In una società con il livello di attenzione pari al reel di Instagram, come si fa l’arte?

«Lo diceva anche l’ex allenatore del Cagliari Claudio Ranieri parlando del livello di attenzione dei calciatori nello spogliatoio: serve il metalinguaggio. Nell’epoca moderna, questa dispersione viene certamente dall’euforia del mezzo di nuova concezione, ma l’umanità più intelligente sta già mettendolo da parte lo smartphone e agendo modi per non farsi divorare.
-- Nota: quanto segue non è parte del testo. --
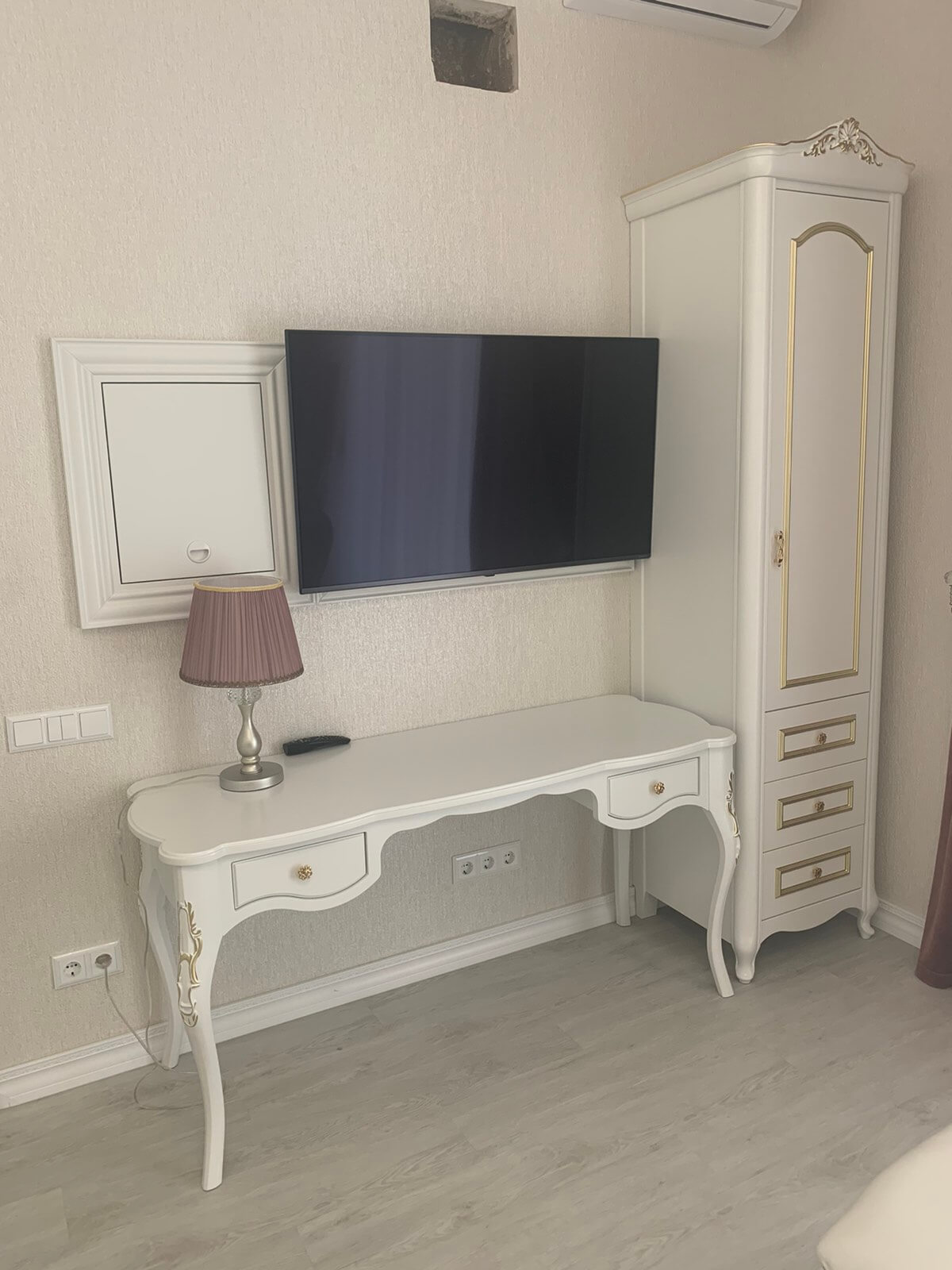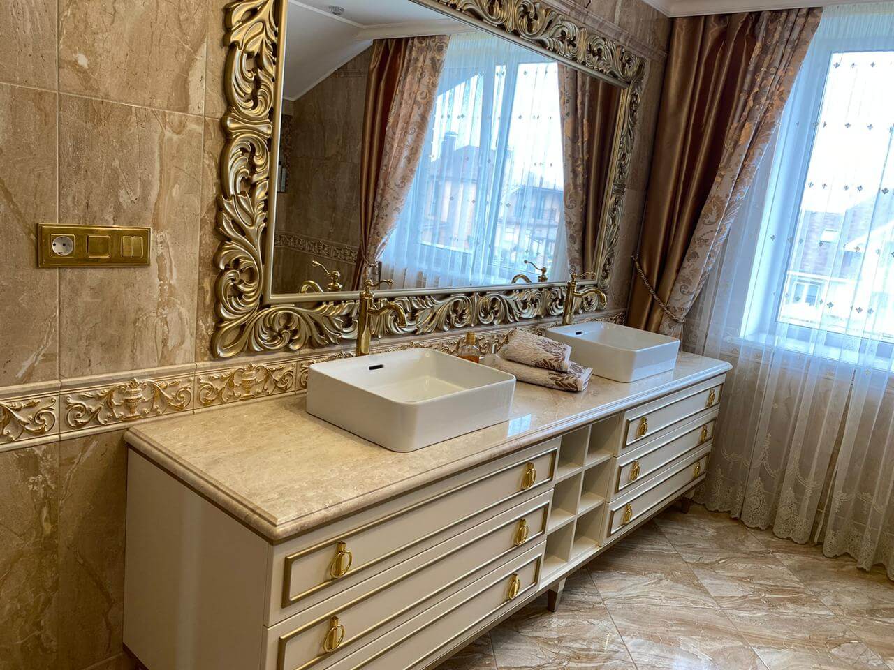 Зеркало в ванной комнате выполнено из МДФ с применением матовой полиуретановой эмали FO 25R810 и нанесением золотой патины. Тумба выполнена по той же технологии, что и кухня.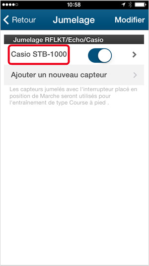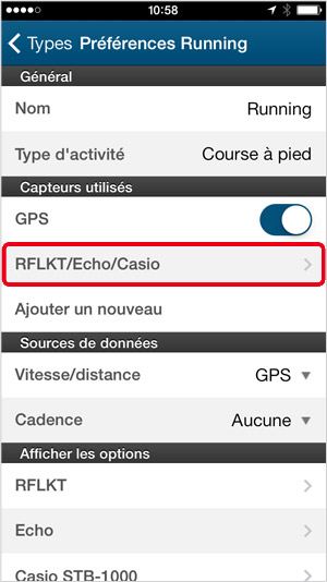 Sous [Capteurs utilisés] sur l'écran des préférences d'entraînement, touchez [RFLKT/Echo/Casio].

La bussola è sempre la capacità di scelta: cercare contenuti di valore porta a distogliersi dall’overdose di offerta».

Qual è il rapporto tra la Sardegna e la sua espressione artistica?

«La Sardegna è per gli artisti uno spazio baciato da Dio, pensiamo al tasso di stimoli enormi confrontato con la minima densità abitativa; al di là dei nomi conclamati ci sono individualità accattivanti, soprattutto tra le nuove generazioni, belle personalità che però hanno una fama minima, per ora. L'insularità è ambivalente, influisce negativamente e positivamente sugli artisti, ma sono molto ottimista che riusciremo a tirare fuori sempre il bello. È la nostra storia, anche se siamo stati bistrattati dagli storiografi: sono stati tracciati percorsi per fortuna, soprattutto in archeologia, che ci porteranno in breve tempo a scoprirci più antichi e stratificati di quello che ci hanno finora credere. I Giganti di Mont’e Prama sono solo la punta di un iceberg».

Mi spieghi meglio.

«Ci sono temi come i nostri luoghi magici che vanno trattati con approccio filologico: penso alle Domus de Janas (dichiarate patrimonio Unesco proprio a luglio 2025, ndr), non sono affatto le case delle streghe, ma porte; sono passaggi nel senso del sacro. Penso a Su Componidori della Sartiglia di Oristano, il Cavaliere infinito che è simbolo che trascende l’anagrafe, caso di conclamata androginia e semi divinità, dispensatore di benedizioni. Questa concezione della nostra storia è la matrice della sacralità stessa della Sardegna, che può portarci al centro della cultura mondiale».